Several commercial molecular genetic tests are now available that purport to have improved diagnostic sensitivity and specificity for indeterminate thyroid FNAs. There are presently two commercially available tests currently on the market that may be used in conjunction with fine-needle aspiration: Veracyte Afirma ^® gene classifier and Asuragen miRInform™ thyroid panel. Veracyte uses a multigene expression classifier that compares gene expression from mRNA isolated from needle washings during a standard FNA to 167 genes that have been identified by Veracyte as characteristic of the genetic signatures of both benign and malignant thyroid nodules. These specific genes analyzed in this assay are not identified in their publications. In one study, the sensitivity is 92 % and specificity is 52 %, making this a useful rule-out test that can effectively identify benign nodules [13]. However, the clinical applicability of this test needs further confirmation. For example, does this high sensitivity to detect benign nodules apply in select groups of patients (e.g., older patients with a 5 cm nodule). The Asuragen panel, on the other hand, detects several of the key mutations involved with PTC, including BRAF, Ras, RET, and PAX8/PPar gamma. It is primarily used as a rule-in test with a high predictive specificity (98 %), meaning a positive test is likely malignant [14]. However, perhaps 50–70 % of PTC does not harbor one of these mutations. Therefore, a test that identifies a mutation is helpful whereas a negative test does not exclude the presence of thyroid cancer. These tests have promising roles in the management of PTC, but experience with molecular genetics remains limited, and should be interpreted on a case by case basis. At present, most clinicians may use one of these molecular tests and there are limited studies assessing the utility of using both tests in the same patient. There are, of course, additional cost considerations.

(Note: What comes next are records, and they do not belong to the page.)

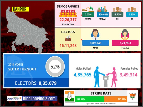 साल 2014 में यहां पर 2164392 मतदाताओं ने हिस्सा लिया, जिसमें 55 प्रतिशत पुरुष और 44 प्रतिशत महिलाएं शामिल थीं। उस साल यहां कांग्रेस दूसरे, BSP तीसरे और सपा चौथे नंबर पर रही थी, कानपुर में हिंदुओं की संख्या 82 प्रतिशत और मुस्लिमों की संख्या 15 प्रतिशत है, ये हिंदू बाहुल्य इलाका है।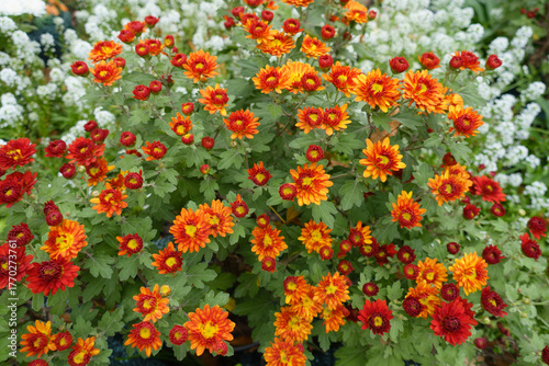 Naklejka premium Numerous red and yellow flowers of semidouble Chrysanthemums in mid October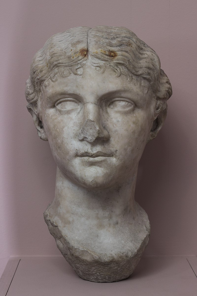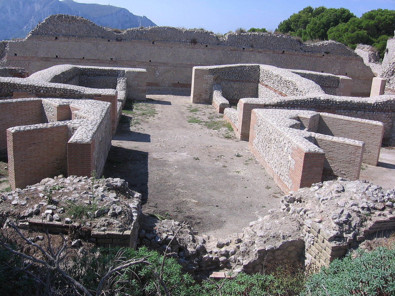 L: bust of Tiberius; R: remains of Villa Jovis at Capri (completed, 27 CE)

According to the American Thyroid Association (ATA) revised guidelines on the management and treatment of differentiated thyroid cancer from 2009, the initial surgical option for those with a tumor size of >1 cm, is a near-total or total thyroidectomy, as was done in the case of this patient. Thyroid lobectomy should be reserved for those with low risk disease, micropapillary carcinoma, unifocality, absence of lymph nodes, and no personal history of head and neck irradiation. All patients with FNA-proven differentiated thyroid cancer should be staged pre-operatively and undergo a neck ultrasound with node mapping evaluating the contralateral lobe and lymph nodes for the presence of disease [6]. Performing lymph node dissection at the time of thyroidectomy is controversial, and surgical expertise is warranted. Postoperatively, serum thyroglobulin and thyroglobulin antibodies should be monitored serially on all patients.